## WHAT TO WORK ON
Entries follow. Give back exactly the lines starting at the one containing "Senadora Vodanovic acusó" and ending at the one containing "КонкурентыНа сегодняшний день", and no other lines.

## SOURCE MATERIAL

-=-=-

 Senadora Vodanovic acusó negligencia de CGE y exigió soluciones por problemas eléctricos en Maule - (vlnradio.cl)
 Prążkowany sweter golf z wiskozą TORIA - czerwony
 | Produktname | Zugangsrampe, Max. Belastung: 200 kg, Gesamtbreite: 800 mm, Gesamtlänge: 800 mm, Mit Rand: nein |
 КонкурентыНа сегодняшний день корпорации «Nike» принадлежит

-=-=-

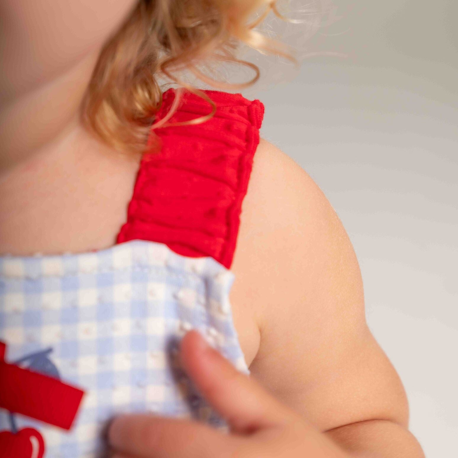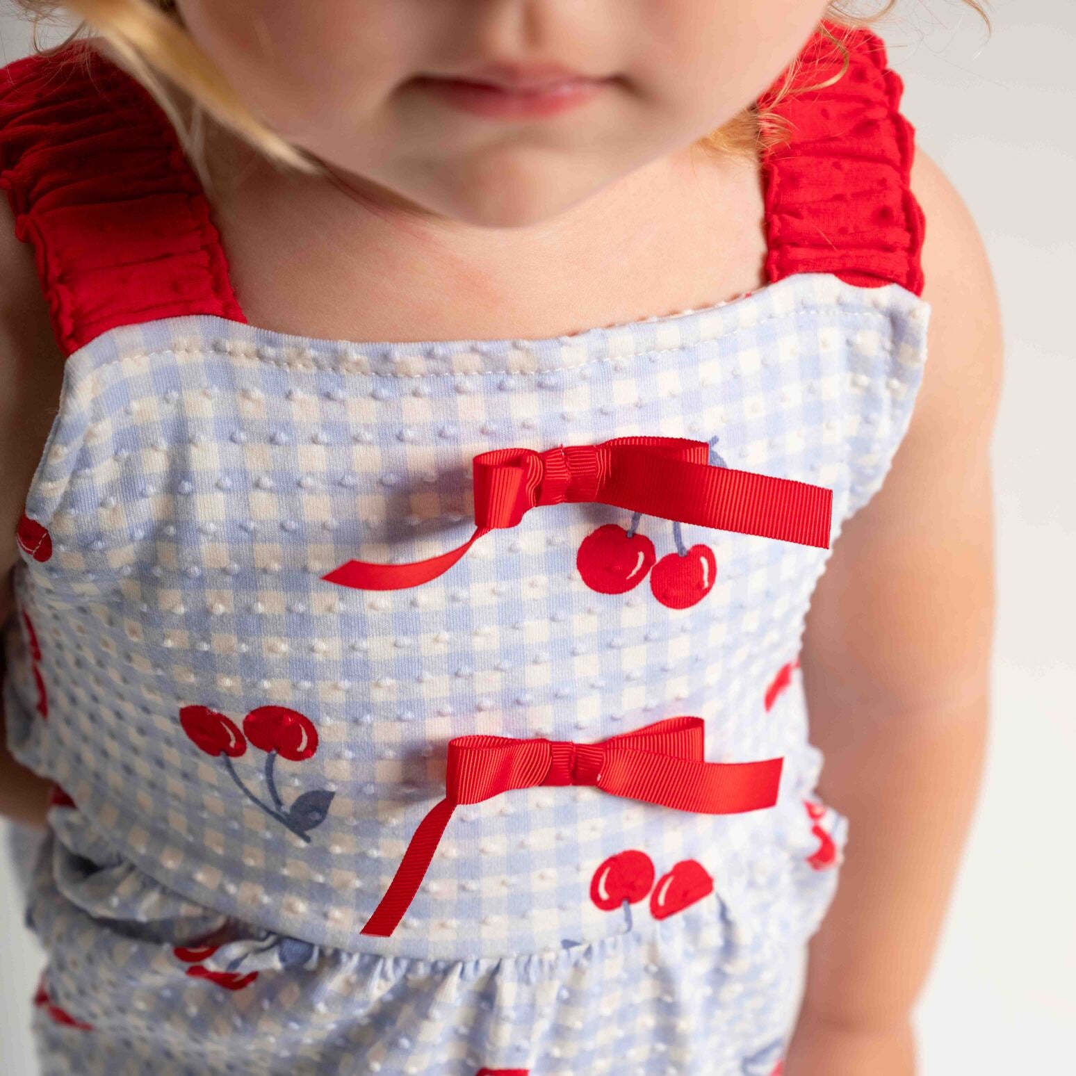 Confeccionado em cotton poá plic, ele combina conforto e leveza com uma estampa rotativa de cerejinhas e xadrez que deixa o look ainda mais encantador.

-=-=-

## RESULT OF THE TASK
 Senadora Vodanovic acusó negligencia de CGE y exigió soluciones por problemas eléctricos en Maule - (vlnradio.cl)
 Prążkowany sweter golf z wiskozą TORIA - czerwony
 | Produktname | Zugangsrampe, Max. Belastung: 200 kg, Gesamtbreite: 800 mm, Gesamtlänge: 800 mm, Mit Rand: nein |
 КонкурентыНа сегодняшний день корпорации «Nike» принадлежит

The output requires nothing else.